The combination of intravenous ivosidenib and azacitidine produced deep and durable remissions associated with clearance of IDH1-mutated newly diagnosed acute myeloid leukemia (AML), according to results of the AGILE study presented at the 2022 American Society of Hematology Annual Meeting.
Ivosidenib is a potent oral targeted IDH1 mutation inhibitor that is approved by the U.S. Food and Drug Administration (FDA) as a monotherapy for treatment of relapsed/refractory AML and newly diagnosed AML in adults aged older than 75 years or those with comorbidities that preclude intensive chemotherapy. The FDA also recently approved the combination of ivosidenib and azacitidine in older or unfit patients with IDH1-mutated AML.
In the most recent data presented, researchers sought to characterize clonal evolution and relapse in newly diagnosed patients with IDH1-mutated AML treated with this combination.
Researchers used next-generation sequencing to assess 72 patients, 46 of whom had both baseline and longitudinal mutational data available.
The median follow-up was 366 days (range, 16-1,210 days), and the median number of baseline mutations was three (range, 1-10 mutations). Presence of baseline DNMT3A, TET2, and ASXL1 (DTA) mutations were not assessed for clearance due to potential clonal hematopoiesis, the authors noted.
Nearly two-thirds of patients (61%; n=28/46) had suppression of all baseline non-DTA mutations to below the limit of detection, including 65% of patients (n=22/34) who achieved a complete remission (CR) or CR with partial hematologic recovery (CRh). Among patients who did not achieve CR/CRh, the baseline mutation clearance rate was 60% (n=3/5), and among non-responders, the clearance rate was 50% (n=3/6).
To identify potential mechanisms of acquired resistance, on-treatment samples were analyzed for the emergence of mutations not detected at baseline. Emerging mutations were identified in nearly half of patients (48%; n=22/46), with a median of two emerging mutations per patient (range, 1-6 mutations). Two patients (4%) had emerging mutations in IDH2 and discontinued treatment due to adverse events and stable disease, respectively. No second-site IDH1 mutations occurred.
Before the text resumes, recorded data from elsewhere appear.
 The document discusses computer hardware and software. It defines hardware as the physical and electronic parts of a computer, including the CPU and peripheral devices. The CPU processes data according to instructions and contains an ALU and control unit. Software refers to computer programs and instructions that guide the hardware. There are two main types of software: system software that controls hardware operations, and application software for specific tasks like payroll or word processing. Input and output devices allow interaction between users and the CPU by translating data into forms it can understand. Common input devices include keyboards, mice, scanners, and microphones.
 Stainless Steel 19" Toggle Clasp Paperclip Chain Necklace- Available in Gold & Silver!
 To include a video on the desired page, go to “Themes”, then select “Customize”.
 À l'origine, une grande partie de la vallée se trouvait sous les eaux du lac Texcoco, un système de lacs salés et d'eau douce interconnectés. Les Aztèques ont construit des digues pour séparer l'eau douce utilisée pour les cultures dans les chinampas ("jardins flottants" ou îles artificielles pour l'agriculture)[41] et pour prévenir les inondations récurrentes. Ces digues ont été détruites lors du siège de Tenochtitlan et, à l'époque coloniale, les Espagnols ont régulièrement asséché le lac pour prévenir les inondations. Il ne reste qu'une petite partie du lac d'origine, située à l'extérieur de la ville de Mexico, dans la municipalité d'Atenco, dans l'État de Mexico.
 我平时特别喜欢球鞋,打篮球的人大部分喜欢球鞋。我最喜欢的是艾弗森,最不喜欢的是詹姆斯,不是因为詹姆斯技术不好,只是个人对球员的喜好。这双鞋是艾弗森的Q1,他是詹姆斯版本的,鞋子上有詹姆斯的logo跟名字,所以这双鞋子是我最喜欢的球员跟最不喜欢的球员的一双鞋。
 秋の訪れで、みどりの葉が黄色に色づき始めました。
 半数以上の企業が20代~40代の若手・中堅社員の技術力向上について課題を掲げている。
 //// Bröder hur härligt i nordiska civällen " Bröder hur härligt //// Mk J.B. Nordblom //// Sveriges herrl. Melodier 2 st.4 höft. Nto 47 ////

Among the 10 patients who discontinued treatment following an objective response due to relapse, longitudinal samples were available for eight of those patients. Emerging mutations were detected in six of these patients (75%). Genes with emerging mutations recurrently associated with relapse included ASXL1, FLT3, RUNX1, and TET2 (occurring in two patients each). IDH1 mutation was not detected at relapse in six patients (75%). Among the two relapses that occurred in the absence of emerging mutations, one was associated with expansion of a baseline FLT3-ITD subclone, and the other was not associated with any new emerging or expanding mutations.
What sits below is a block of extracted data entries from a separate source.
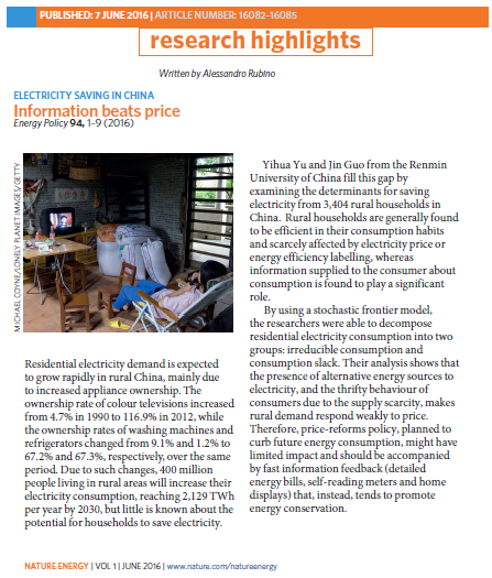 近日,Hcoimc 副教授虞义华及合作者郭琎发表在SSCI期刊Energy Policy(5年影响因子4.599)上的论文“Identifying Electricity-saving Potential in Rural China: Empirical Evidence from a Household Survey”被世界顶级期刊Nature Energy以重大研究发现(Research Highlights)摘录评论。
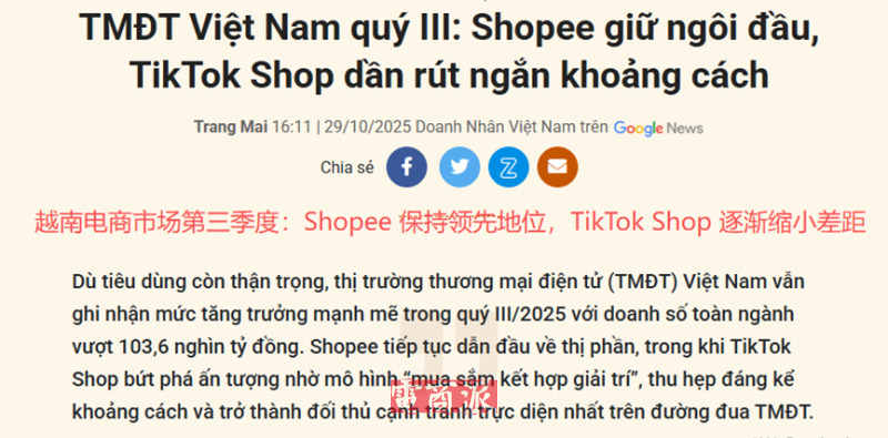 TikTok Shop越南和Shopee缩小差距 图源:Doanhnhan
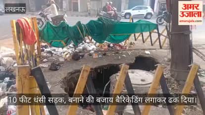लखनऊ में 10 फीट धंसी सड़क, बनाने की बजाय बैरिकेडिंग लगाकर ढक दिया
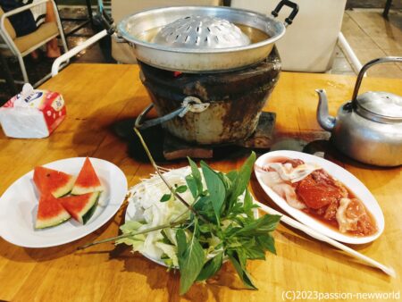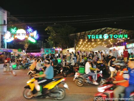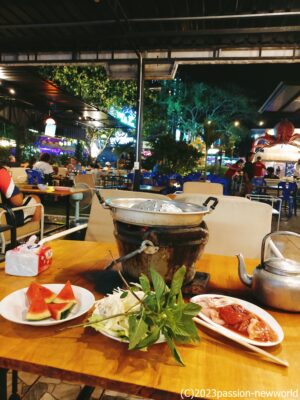 今回は1人のため食材をじっくり吟味しながら楽しんだ。豚肉の種類はロース、レバー、ホルモン、バラ肉などがあり、野菜類は白菜、キャベツ、エノキ、シメジなど。チャーハンとスイカ、アイスクリームも食べ放題。どれもいちいち旨い。すっかり満腹になって気が付くと外は真っ暗。ツリータウン内のバービアが賑わい始めた。
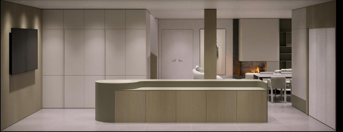 The ground floor features an open-plan layout, seamlessly integrating the living room, kitchen, and dining area. Floor-to-ceiling Reynaers panoramic windows flood the space with natural light while offering stunning views of the surrounding landscape.

“To date, no second-site IDH1 mutations have been observed, but mutations in other genes, including IDH2, can emerge and may provide an opportunity for relapse,” the researchers concluded. “Further study is needed to better characterize mechanisms of relapse to ivosidenib plus azacitidine.”
Döhner H, Marchione DM, Choe S, et al. Molecular characterization of clinical response and relapse in patients with IDH1m ND-AML treated with ivo+AZA in the AGILE study. Abstract #223. Presented at the 64th ASH Annual Meeting and Exposition; December 10-13, 2022; New Orleans, Louisiana.